Though he didn’t move, Sherlock blinked as he felt the figure slink away from the bedroom. Why had he expected the other man to say? That was…idiotic. Why had he wanted him to stay? Viciously sentimental. However, his mind soon trailed off from that as he heard first the scraping of a kitchen chair, and shortly thereafter the heavy footfalls of someone of John’s stature plus an approximately ten- to twenty-pound object. Then the thud of it behind him and the sound of someone dropping into it met his ears.

“I suppose you’re just going to watch me?” he muttered with a smirk, voice a bit muffled by the soft fabric of the pillow beneath his cheek.

“I’m going to watch you until you bloody well go to sleep,” John retorted, kicking off his shoes and placing his feet, ankle over ankle, on the mattress near to Sherlock’s back. His foot wiggled, tapping an absent, steady rhythm into Sherlock’s back that the detective would never admit was a lulling comfort. “And I’m going to read aloud.”

“Oh god,” Sherlock moaned, shifting his arms until the rested, one beneath the pillow and the other around it. “What is your novel of choosing? One of those highly romanticized poets, or a droning, ill-written military account?”

“Neither, you prat,” John responded with a minimal irritation as he let the pages fall open in his lap. “I’m not all predictable, you know. Even to you. I’ve got Plato, The Symposium, for your information.”

Sherlock brows rose as he blinked. That was far out of left field, to be sure. But he supposed he should have predicted it. John had never posed himself as a pseudo-intellectual, though, so perhaps he was one of the existing rarities that merely appreciated the text without claiming it as a manner of asserting his intelligence in social circles. Sherlock responded with only a grunt, the most common form of approval that he bestowed upon the other man.

“Good, you aren’t going to fight me,” John said, a pleased smirk upon his face. “I have passages marked that I like. That’s what I’ll read so that I don’t get bored. They’re a bit too sentimental for you, I should think.”
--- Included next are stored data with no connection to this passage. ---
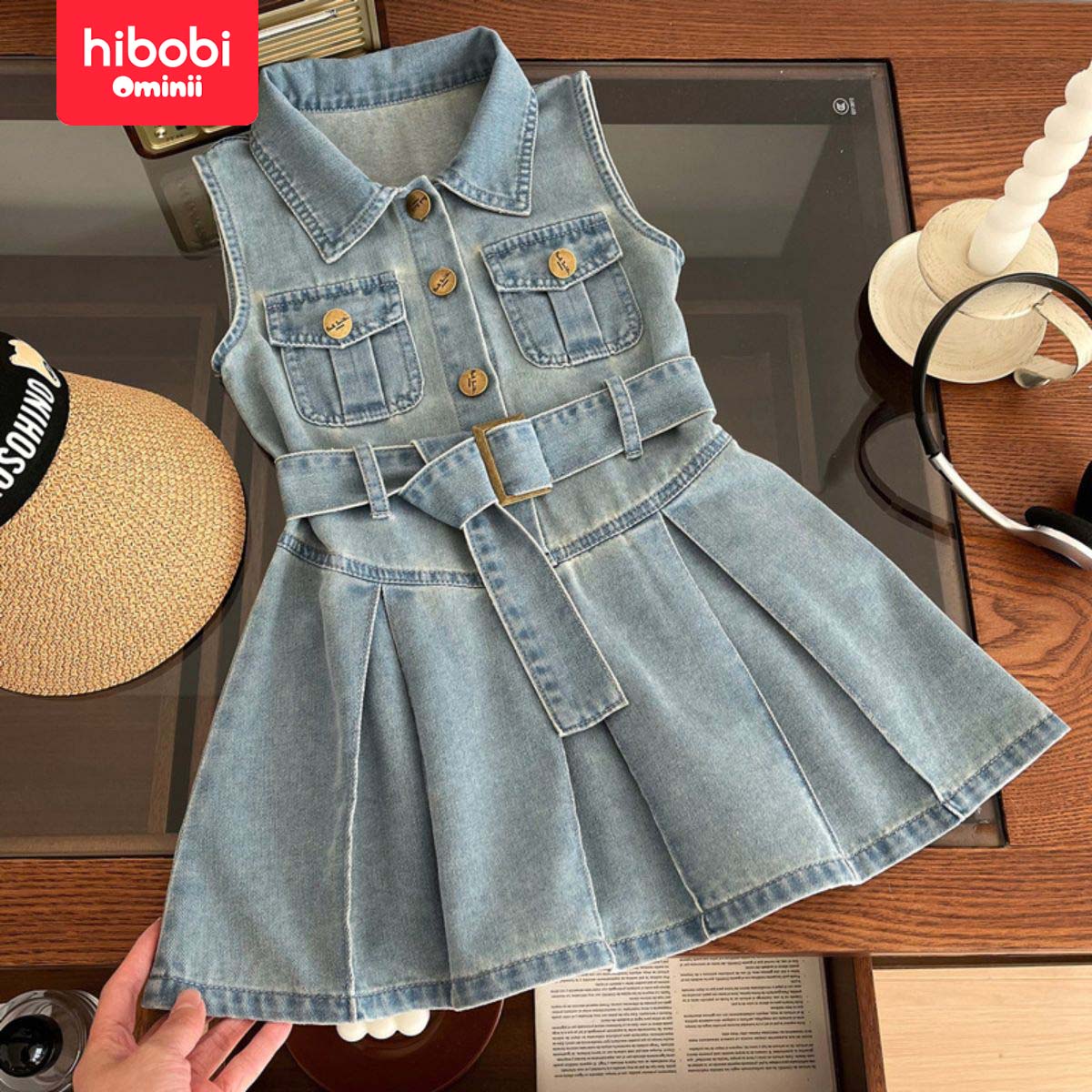 Платье для девочек hibobi без рукавов 2024 года, новый стиль, детская летняя джинсовая юбка, мягкая джинсовая жилетка для маленьких девочек, трендовая юбка 5-6 Y синий
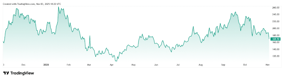 Solana remains one of the strongest Layer-1 networks in the market. It currently trades near $175, with a market cap of roughly $97 billion. The network’s speed, scalability, and developer community have positioned it as a core competitor to Ethereum.
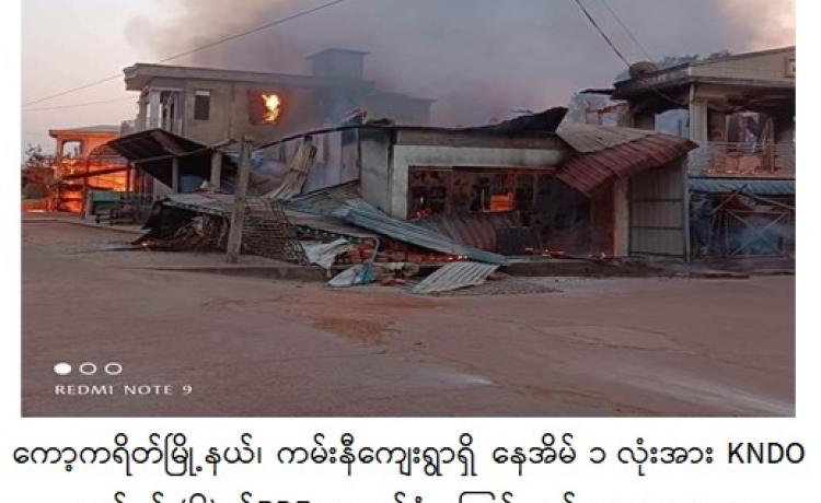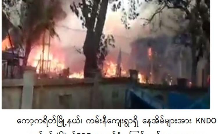 ကရင်ပြည်နယ်၊ ကော့ကရိတ်မြို့နယ်၊ ကမ်းနီကျေးရွာရှိ နေအိမ် ၁ လုံးအား KNDO တပ်ရင်း(၆)မှ အကြမ်းဖက်မှုကိုလိုလားသည့်အဖွဲ့နှင့် PDF အမည်ခံအကြမ်းဖက်သမားများက ဇန်နဝါရီ ၂၄ ရက်တွင် အကြောင်းမဲ့လာရောက် မီးရှို့ဖျက်ဆီးပြီး ကျေးရွာအုပ်ချုပ်ရေးမှူးအား ဖမ်းဆီးခေါ်ဆောင်သွားခဲ့ကြောင်း သိရှိရသည်။
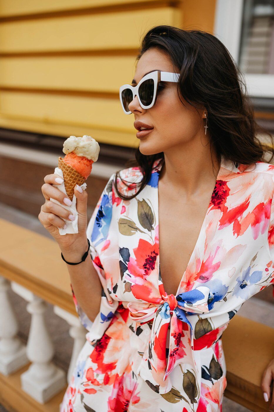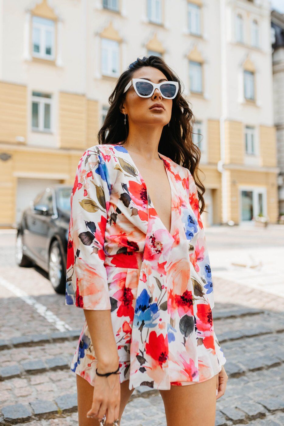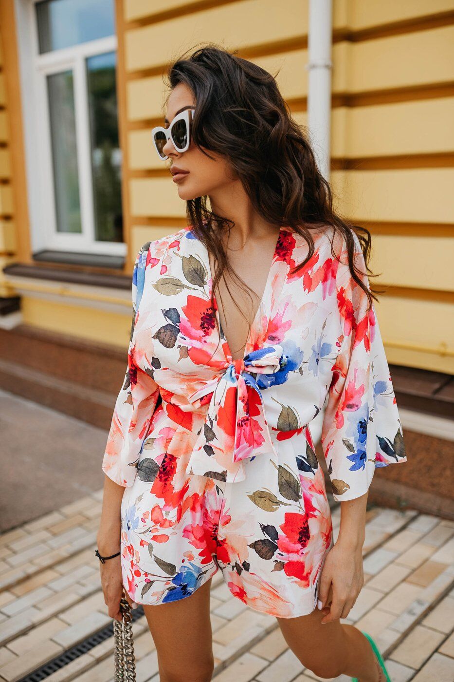 Ефектний комбінезон у яскравих літніх кольорах. Виконаний з приємної яскравої тканини, яка в поєднанні з оригінальним кроєм, надає образу легкий настрій. Модель відрізняє акуратний ліф з зав’язками, короткий широкий рукав та короткі шорти вільного крою. Еластична вставка на поясі забезпечує комфортну посадку.

“Love is born into every human being,” John started after he cleared his throat, beginning to read in a voice that was neither too soft nor too stern, legible but at just the right volume for the naked ear. “It calls back the halves of our original nature together,” he recited, eyes fixed upon Sherlock’s back in the hopes that he might not have been listening to the meaning of the words, only the soft vibration of his voice. “It tries to make one out of two and heal the wound of human nature.”

Unlucky for him, or perhaps in a more favorable circumstance, Sherlock was still listening, even through a dulled, nearly sleep-addled mind. Perhaps something of him softened in sentiment with his tiredness, but the words did have bearing on him; words that should never dare be spoken, acted upon, nor blatantly addressed between them. Rather, the statement of it under the guise of quotation was a more suitable realm of communication.

“And so, when a person meets the half that is his very own, whatever he be a lover of youth or a lover of another sort, then something wonderful happens,” John continued, a soft, knowing smile upon his face. Maybe somewhere in a place that was more fearless, he hoped that Sherlock truly understood. “The pair are lost in an amazement of love and friendship and intimacy, and one will not be out of the other’s sight, as I may say, even for a moment…”

Vicious sentiment, Sherlock thought again. He was right. John was still predictable in that sense, whatever his choice in literature was. Despite knowing that he took the title for ‘human being most terrible at expressing emotion,’ Sherlock knew from eavesdropping on John’s romantic pursuits that the doctor wasn’t quite the best either. Perhaps he didn’t even try with these women, if the words being spoken to him now meant as much as it seemed. Seething sentiment that Sherlock returned, but could never express, preferring to listen closely to John hiding behind the words of another.

“Love is the name for our pursuit of wholeness, for our desire to be complete,” John said, and shortly thereafter with a smile observed the slow, steady rise and fall of Sherlock’s body and the soft snore of a man finally relenting to his body’s urges, lulled by a trusted voice and a soft expression of love.